• **Work order**:
From the entries below, write out exactly the lines between the line holding "玉ねぎも入れ、野菜がつけ汁につかるよう時々返しながら冷蔵庫で味を染みこませる。" and the line holding "Dentro de este", inclusive, excluding any pictures.
** Source data follows **
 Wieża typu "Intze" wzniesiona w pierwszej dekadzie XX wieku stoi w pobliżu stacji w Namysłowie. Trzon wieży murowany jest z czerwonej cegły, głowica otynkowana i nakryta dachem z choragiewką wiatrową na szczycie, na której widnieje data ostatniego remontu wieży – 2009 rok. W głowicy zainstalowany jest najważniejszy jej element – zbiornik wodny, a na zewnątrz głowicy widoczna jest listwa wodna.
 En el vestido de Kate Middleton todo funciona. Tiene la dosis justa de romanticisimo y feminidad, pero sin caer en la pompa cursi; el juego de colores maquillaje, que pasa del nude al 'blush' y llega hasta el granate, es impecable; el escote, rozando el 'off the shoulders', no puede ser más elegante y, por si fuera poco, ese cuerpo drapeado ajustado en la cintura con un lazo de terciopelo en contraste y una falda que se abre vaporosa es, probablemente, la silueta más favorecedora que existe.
** End of Source data **
** Source data follows **
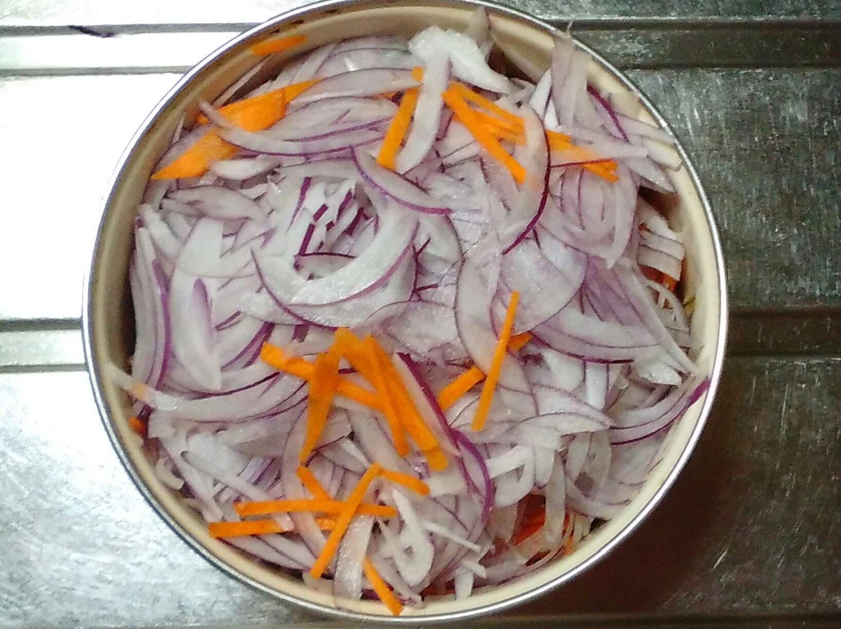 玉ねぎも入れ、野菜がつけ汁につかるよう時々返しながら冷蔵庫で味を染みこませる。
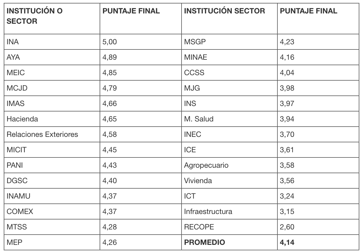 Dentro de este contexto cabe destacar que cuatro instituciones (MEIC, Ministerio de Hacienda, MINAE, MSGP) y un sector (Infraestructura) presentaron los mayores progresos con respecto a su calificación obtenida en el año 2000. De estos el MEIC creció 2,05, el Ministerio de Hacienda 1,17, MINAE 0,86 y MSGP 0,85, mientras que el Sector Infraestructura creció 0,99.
** End of Source data **
• **Your solution**:
 玉ねぎも入れ、野菜がつけ汁につかるよう時々返しながら冷蔵庫で味を染みこませる。
 Dentro de este contexto cabe destacar que cuatro instituciones (MEIC, Ministerio de Hacienda, MINAE, MSGP) y un sector (Infraestructura) presentaron los mayores progresos con respecto a su calificación obtenida en el año 2000. De estos el MEIC creció 2,05, el Ministerio de Hacienda 1,17, MINAE 0,86 y MSGP 0,85, mientras que el Sector Infraestructura creció 0,99.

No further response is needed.